The thing that’s broken is capitalism. Most of the shit sorta worked ok 10 years ago (after several decades of pretty shoddy function).
But the tech overlords can’t leave it alone. They must chase “innovation” ie the next big thing. Thus forced upgrades and planned obsolescence and AI and 🐂💩
OpenAI would love for people to believe AI is saturating things, but outside this use case of smarter-autocorrect, there has been no penetration. No one is adding this to their app to do things behind the scenes, it's all theater.
Just a little splash, absolutely no saturation
And TBF, there’s a *lot* of hidden AI in background business services, and growing rapidly. Stuff users never see and may not even have an interface or output long form text. It’s pretty huge.
Yes of course many machine learning methods are used extensively and are useful and effective and can often use less energy than a declarative program!
LLMs are not one of them.
I’m not defending the practice, but LLMs are used in quite a number of areas in backend systems now and continue to grow. Vector embedding w/ semantic matching on its own is pretty huge. I’ve been involved w/ a few large scale LLM projects where no consumer would ever know they were there.
That's one possibility. You'd have to repeat it with other sentences and have it consistently come up with one extra count to have stronger evidence though. LLMs have found to be very bad at basic math, so it could be another sort of error.

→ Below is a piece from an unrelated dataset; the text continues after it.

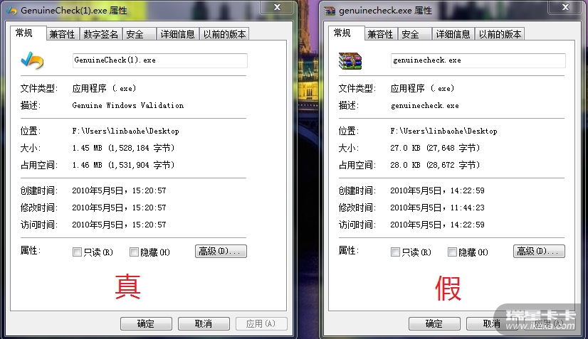真正的GenuineCheck.exe是微软的一个正版验证工具。有些系统补丁或工具,微软只提供给正版用户使用。因此,下载这些工具前,微软要用户运行GenuineCheck,验明正身。

It took several tries, but I finally found a way to ask Copilot why it fucked up. It gave a pretty good answer – but an answer that implies that you just can't rely on an LLM to answer even basic questions.

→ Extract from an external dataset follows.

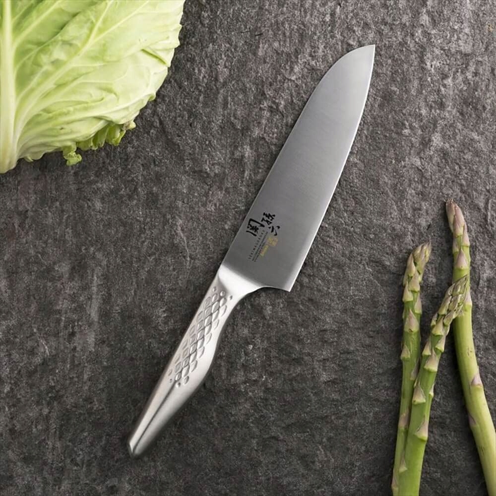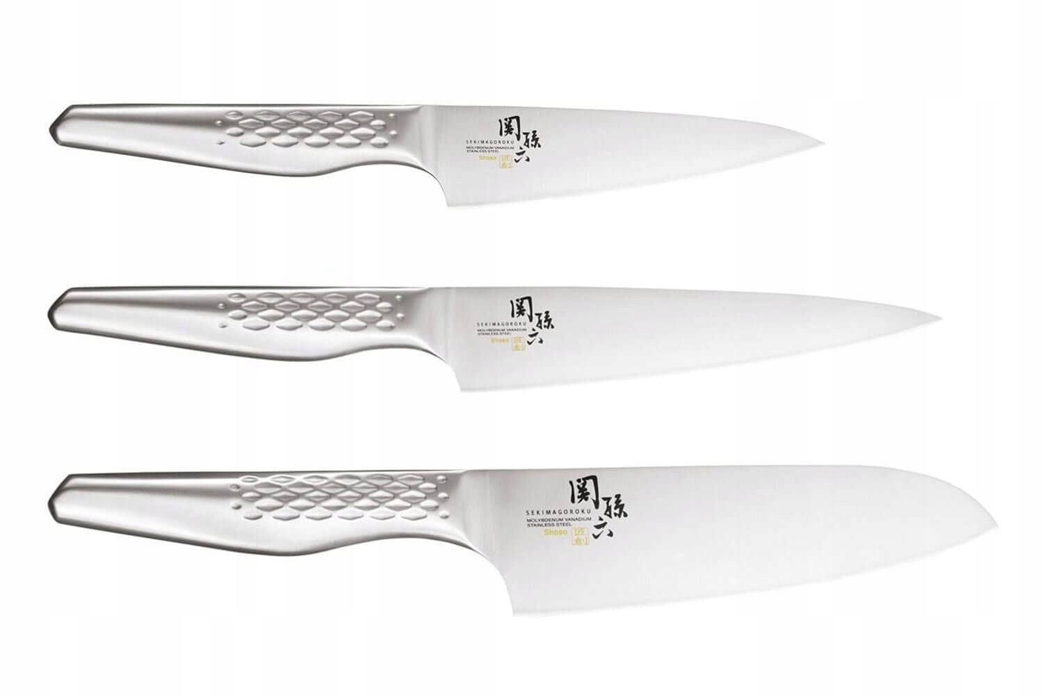 Zestaw noży KAI Seki Magoroku Shoso 3 szt. - nóż uniwersalny 12 cm, nóż uniwersalny 15 cm, Santoku 16,5 cm - stal 5CR15MoV 56 (±1) HRC - uchwyt ze stali nierdzewnej 18-8 w wzór rombów - wyprodukowano w Japonii

There is no truth or falisity baked anywhere into the thing whatsoever. What it has learned is "grammar and naturalness of language". Which is, don't get me wrong, an enormous technical achievement. But the thing doesn't know anything at all, and especially with mathematical things, it really sucks
And that's worth getting at it, because math's grammar, especially, is very stripped down. It exists to sort out truth from falsity in a lot of ways, so "grammatically correct false things" are easy to pose in formal math. Exactly the task that chatgpt is bad at
I think you're both wrong. LLMs are actually good at math: feed them a complicated math problem, and they'll spit out an answer. But a lot of LLMs are bad at *counting*. Which is the thing you do to get numbers. Counting isn't math, it's a precursor to math.
I'm very much in the "it's a thing with a purpose, that can accomplish many things", but yeah, people's whose main interest is marketing and sales oversold it, and then the tech cheerleaders got involved.

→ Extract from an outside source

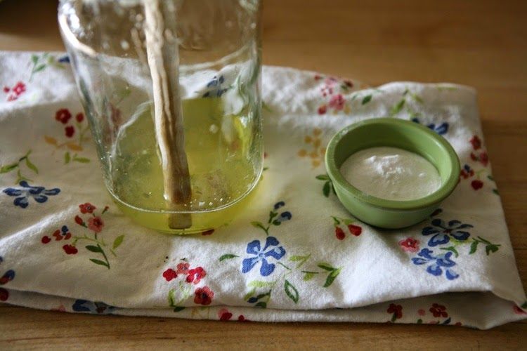 2 κουταλιές σούπας βούτυρο καριτέ 3 κουταλιές σούπας λάδι καρύδας 4 κουταλιές σούπας μαγειρική σόδα διάφορα αιθέρια έλαια (π.χ. δενδρολίβανο, μελισσόχορτο, φασκόμηλο)

And yeah, then people (rightly) started dunking on those two groups.
it's also worth contrasting the other technical task that ChatGPT is surprisingly good at - coding assistance. There, creativity is less valuable than a consistent following of dominant conventions -repeatable code is more valuable than hyperoptimized code. Programmers favor naturalness
Does the emoji mean it knows it's getting it wrong and just likes messing with us? And if it knows that, does it know some of us will ask that very question?